Surufatinib plus TAS-102 showed promising survival benefits with manageable toxicity in refractory metastatic PDAC patients, per phase 2 trial data.
Data from a phase 2 trial (NCT05481463) presented at the 2025 ASCO Gastrointestinal Cancer Symposium showed that adding surufatinib (Sulanda) to TAS-102—a combination of trifluridine and tipiracil hydrochloride—led to promising survival outcomes with manageable toxicity in a small cohort of patients with refractory metastatic pancreatic ductal adenocarcinoma (PDAC) receiving later-line therapy.1
Among 20 evaluable patients, study treatment yielded a median progression-free survival (PFS) of 2.35 months (95% CI, 1.91-3.94) and a median overall survival (OS) of 6.44 months (95% CI, 3.81-not reached [NR]). Among patients without liver metastases vs those with liver metastases, respectively, the median PFS was 3.42 months vs 2.01 months (P = .049), and the median OS was 9.92 months vs 3.70 months (P = .026).
For patients with 2 or fewer metastatic organs and those with more than 2 metastatic organs, respectively, the median PFS was 3.94 months vs 1.91 months (P = .005), and the median OS was 10.09 months vs 3.81 months (P = .003). The median OS was 9.92 months in patients with baseline CA19-9 levels of 996.7 u/ml or lower compared with 3.70 months in those with CA19-9 levels of more than 996.7 u/ml (P = .008).
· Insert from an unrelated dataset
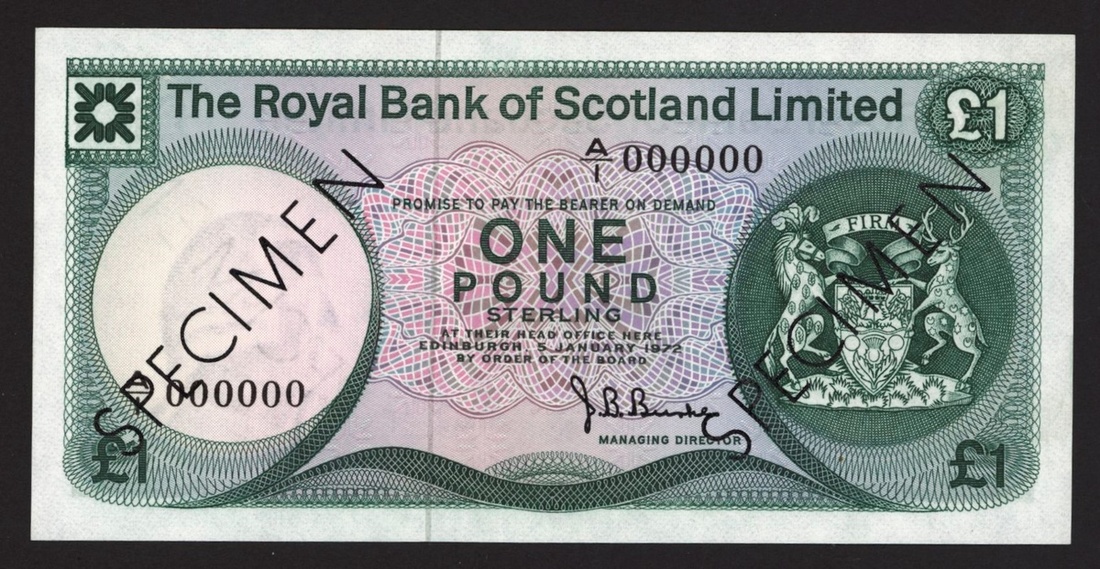Royal Bank of Scotland Limited, specimen £1, 5 January 1972, serial number A/1 000000, signature Burke,

Data showed an objective response rate (ORR) of 15.0%, which consisted of 3 partial responses (PRs). Additionally, the disease control rate (DCR) was 30.0%. Shrinking or stable tumors were reported in 35.0% of patients.
“Surufatinib plus TAS-102 showed encouraging survival benefits and promising anti-tumor activity with acceptable toxicity in late-line treatment of refractory [metastatic] PDAC, especially in patients without liver metastases, with [2 or fewer] metastatic organs, or with baseline CA19-9 level [of 996.7 u/ml or lower],” Dong-Sheng Zhang, PhD, of the Medical Oncology Department at Sun Yat-sen University Cancer Center, State Key Laboratory of Oncology in South China, and Collaborative Innovation Center for Cancer Medicine at Sun Yat-sen University, wrote with study coauthors.1 “The results warrant further investigations in a large cohort.”
In this single-arm, single-center study, 20 patients were assigned to receive surufatinib at 250 mg orally once daily plus TAS-102 at 35 mg/m2 on days 1 to 5 and days 8 to 12 twice daily every 4 weeks. Study treatment continued until disease progression, unacceptable toxicity, or death.
The trial’s primary end point was investigator-assessed PFS per RECIST v1.1 criteria.2 Secondary end points included DCR, OS, ORR, quality of life, and adverse effects (AEs).
Patients 18 to 75 years old with unresectable locally advanced or metastatic PDAC and an ECOG performance status of 0 or 1 were eligible for enrollment on the trial. Other requirements for study entry included having 1 or more measurable lesions per RECIST v1.1 guidelines and disease progression on at least 2 prior lines of therapy. Those with BRCA1/2-mutated disease were eligible for enrollment if they received prior platinum-based therapy.
The median age was 58 years (range, 41-72), and most patients were 60 years or younger (65.0%) and male (70.0%). All patients had an ECOG performance status of 1, stage IV disease, and adenocarcinoma histology. Additionally, most patients had primary tumor sites in the Cauda corporis pancreatis (40.0%), distant metastases in the lung (65.0%), KRAS-mutated disease (70.0%), and microsatellite stable disease (65.0%). The median CA19-9 level at baseline was 996.7 u/ml (range, 2-16612).
Across the safety population (n = 22), all patients experienced any-grade treatment-emergent AEs (TEAEs), which included anemia (59.1%), neutropenia (54.6%), leukopenia (50.0%), and lymphopenia (45.5%), among others. Grade 3 or higher TEAEs affected 50.0% of patients, with the most common types including neutropenia (31.8%), lymphopenia (13.6%), and anemia (9.1%).